For example, given the geographical location of America, I would have thought that a heating of 10m2 would require 1.3 kWh in the north of America
-------------------
I can completely calculate the heating costs, taking into account the design features, but for Russia ... Although, if we find similarities (physics is the same in all countries, but people use different measures of weights and volumes), we can do this for America .


----------



## hiwall (Jun 15, 2012)

Methane is 'natural' gas. It is formed naturally and is naturally released into the air around the world including the oceans. Natural gas is great but can only really be delivered by pipe line. There are no residential natural gas storage tanks that I have ever heard of. Natural gas is now being shipped across the ocean by boat but is is a very poor delivery system. It takes very specialized boats and they lose part of every load during shipment. There are no trucks that deliver natural gas to your home.
Propane is easily shipped, stored, and delivered. Propane can can stored almost indefinitely without going bad.
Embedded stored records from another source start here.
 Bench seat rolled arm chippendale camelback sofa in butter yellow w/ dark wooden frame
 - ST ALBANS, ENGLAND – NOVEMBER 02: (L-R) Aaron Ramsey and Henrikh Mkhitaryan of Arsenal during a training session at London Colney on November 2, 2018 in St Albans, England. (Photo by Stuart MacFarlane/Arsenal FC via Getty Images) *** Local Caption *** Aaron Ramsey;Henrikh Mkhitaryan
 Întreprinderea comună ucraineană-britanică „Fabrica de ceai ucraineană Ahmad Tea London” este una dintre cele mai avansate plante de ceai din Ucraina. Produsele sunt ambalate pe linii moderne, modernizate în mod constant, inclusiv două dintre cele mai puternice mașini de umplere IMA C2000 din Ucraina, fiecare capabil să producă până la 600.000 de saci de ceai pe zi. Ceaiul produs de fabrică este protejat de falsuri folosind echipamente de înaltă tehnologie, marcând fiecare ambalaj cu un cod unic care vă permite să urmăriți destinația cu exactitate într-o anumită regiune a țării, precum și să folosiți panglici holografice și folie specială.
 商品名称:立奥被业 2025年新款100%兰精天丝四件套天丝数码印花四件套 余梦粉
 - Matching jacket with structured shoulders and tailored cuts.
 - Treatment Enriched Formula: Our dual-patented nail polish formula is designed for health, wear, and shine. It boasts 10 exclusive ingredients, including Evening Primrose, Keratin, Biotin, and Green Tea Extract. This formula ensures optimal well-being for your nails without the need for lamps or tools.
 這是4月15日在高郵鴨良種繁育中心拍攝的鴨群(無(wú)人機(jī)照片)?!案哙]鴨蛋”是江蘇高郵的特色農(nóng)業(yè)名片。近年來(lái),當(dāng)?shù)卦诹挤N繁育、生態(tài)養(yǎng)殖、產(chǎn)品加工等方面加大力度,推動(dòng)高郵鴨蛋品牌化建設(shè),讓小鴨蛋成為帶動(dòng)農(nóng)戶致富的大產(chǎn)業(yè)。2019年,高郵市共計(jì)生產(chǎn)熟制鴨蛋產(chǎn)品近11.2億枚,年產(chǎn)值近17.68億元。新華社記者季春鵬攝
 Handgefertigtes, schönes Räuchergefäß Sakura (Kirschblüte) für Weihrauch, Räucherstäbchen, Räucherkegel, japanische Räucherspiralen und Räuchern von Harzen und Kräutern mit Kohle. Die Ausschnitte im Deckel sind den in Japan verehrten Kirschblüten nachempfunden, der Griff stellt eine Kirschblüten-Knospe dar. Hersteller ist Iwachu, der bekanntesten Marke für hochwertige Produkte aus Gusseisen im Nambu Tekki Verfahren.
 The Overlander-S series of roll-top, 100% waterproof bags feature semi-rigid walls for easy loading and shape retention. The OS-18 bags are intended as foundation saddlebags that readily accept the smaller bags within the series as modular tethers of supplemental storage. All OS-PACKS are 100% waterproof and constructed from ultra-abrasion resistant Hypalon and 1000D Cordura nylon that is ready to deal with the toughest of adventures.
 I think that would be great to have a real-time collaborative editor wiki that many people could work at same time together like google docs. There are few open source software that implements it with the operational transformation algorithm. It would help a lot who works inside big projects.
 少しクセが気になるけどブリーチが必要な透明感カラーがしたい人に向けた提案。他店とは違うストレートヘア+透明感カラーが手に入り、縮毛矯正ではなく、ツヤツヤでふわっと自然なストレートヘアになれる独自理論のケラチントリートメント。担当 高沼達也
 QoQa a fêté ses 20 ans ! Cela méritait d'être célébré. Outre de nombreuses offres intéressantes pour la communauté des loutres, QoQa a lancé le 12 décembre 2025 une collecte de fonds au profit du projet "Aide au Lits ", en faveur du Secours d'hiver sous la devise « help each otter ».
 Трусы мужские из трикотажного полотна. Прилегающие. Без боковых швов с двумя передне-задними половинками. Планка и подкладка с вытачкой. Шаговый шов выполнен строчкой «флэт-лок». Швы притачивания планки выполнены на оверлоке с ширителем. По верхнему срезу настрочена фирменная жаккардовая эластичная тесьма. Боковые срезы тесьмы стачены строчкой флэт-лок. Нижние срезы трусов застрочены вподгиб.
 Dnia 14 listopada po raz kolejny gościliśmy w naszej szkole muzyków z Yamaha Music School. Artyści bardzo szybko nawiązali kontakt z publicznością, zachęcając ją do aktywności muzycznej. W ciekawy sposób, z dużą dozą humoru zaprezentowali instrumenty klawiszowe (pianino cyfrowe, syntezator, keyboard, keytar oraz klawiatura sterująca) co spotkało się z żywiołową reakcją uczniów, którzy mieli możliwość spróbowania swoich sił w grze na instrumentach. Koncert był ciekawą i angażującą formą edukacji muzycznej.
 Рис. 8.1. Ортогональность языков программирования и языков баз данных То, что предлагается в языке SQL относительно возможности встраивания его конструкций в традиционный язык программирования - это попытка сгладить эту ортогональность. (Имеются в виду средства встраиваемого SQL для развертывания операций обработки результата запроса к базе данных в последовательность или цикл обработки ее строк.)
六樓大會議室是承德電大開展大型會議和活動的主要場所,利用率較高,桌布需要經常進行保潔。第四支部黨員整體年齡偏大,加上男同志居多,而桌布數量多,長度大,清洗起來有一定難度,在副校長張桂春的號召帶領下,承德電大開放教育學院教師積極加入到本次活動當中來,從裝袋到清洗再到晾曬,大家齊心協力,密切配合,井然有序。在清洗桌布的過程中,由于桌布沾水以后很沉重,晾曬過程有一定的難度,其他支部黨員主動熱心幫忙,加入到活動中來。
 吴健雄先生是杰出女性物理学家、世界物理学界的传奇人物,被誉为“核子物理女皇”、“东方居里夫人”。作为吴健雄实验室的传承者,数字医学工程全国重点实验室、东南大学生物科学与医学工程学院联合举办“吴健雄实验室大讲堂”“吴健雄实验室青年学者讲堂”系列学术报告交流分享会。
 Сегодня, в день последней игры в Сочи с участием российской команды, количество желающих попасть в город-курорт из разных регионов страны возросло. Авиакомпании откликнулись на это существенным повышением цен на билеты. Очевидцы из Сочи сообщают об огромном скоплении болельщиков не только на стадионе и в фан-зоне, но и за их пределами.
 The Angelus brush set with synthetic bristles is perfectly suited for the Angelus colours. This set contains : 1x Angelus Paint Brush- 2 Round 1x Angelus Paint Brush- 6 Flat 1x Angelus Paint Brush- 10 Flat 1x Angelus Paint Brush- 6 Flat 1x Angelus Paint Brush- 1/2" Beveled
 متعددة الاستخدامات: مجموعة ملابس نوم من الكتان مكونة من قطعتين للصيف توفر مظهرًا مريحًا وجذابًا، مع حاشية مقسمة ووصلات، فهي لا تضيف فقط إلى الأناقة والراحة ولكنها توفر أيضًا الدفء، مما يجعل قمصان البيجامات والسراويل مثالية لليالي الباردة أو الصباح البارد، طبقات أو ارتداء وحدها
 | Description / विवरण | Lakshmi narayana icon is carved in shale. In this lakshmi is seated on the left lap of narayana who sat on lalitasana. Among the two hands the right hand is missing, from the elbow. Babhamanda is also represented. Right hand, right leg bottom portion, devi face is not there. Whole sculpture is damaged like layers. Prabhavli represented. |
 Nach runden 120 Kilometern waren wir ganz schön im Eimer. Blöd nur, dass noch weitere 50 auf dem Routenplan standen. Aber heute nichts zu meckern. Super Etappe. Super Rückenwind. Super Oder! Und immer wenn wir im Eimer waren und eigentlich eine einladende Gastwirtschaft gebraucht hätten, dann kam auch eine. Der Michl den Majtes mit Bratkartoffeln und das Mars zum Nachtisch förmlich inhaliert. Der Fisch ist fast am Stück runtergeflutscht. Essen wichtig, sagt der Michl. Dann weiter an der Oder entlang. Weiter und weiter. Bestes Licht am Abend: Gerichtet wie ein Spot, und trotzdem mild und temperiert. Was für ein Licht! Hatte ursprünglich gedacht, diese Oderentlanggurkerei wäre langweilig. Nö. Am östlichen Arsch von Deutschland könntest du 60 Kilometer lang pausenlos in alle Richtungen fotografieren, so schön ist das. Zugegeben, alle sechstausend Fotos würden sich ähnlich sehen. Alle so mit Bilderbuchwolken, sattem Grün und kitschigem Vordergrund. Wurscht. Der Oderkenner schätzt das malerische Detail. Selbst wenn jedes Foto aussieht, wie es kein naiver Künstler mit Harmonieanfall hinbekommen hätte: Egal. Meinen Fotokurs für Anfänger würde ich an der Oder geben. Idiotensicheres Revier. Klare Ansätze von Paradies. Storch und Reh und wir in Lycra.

From a prepper stand point, natural gas (if you have access to a pipeline) while cheaper now will not work in a grid down situation. It has to be pumped through those gas lines. While you can have a stock pile of propane in tanks on your property to last you for a very long time. At my last house I had enough propane stored for two years of normal operation. (I am currently looking for tanks to buy for my current house)
Many gas appliances are designed to easily transition from natural to propane or back again. This often involves changing the jets or orifices in the appliance (but not always).


----------



## AGK67 (Jul 8, 2017)

America sells shale gas through the ocean, which is METHANE, but the cost of its extraction and sale is more expensive than the natural gas METAN, about 5 times!
-------------------------------------------------- -----
Liquefied propane gas is more expensive than any METHANE !!!!
In fact, it is not just propane, but a propane-butane mixture.
The more butane in the mixture, the lower the temperature it withstands in winter, but has a low calorific value ...
-----------------------------------
Gas stoves are actually calculated differently for METAN and PROPANE, as different combustion temperatures. The nozzles of gas stoves are sold in stores so that they can be replaced.


----------



## RedBeard (May 8, 2017)

AGK67 said:


> America sells shale gas through the ocean, which is METHANE, but the cost of its extraction and sale is more expensive than the natural gas METAN, about 5 times!
> -------------------------------------------------- -----
> Liquefied propane gas is more expensive than any METHANE !!!!
> In fact, it is not just propane, but a propane-butane mixture.
> ...


They cut propane with butane during the winter, yes but summer it goes back to propane. You can tell the difference in the flame between the two.


----------



## AGK67 (Jul 8, 2017)

RedBeard said:


> They cut propane with butane during the winter, yes but summer it goes back to propane. You can tell the difference in the flame between the two.


Quite right


----------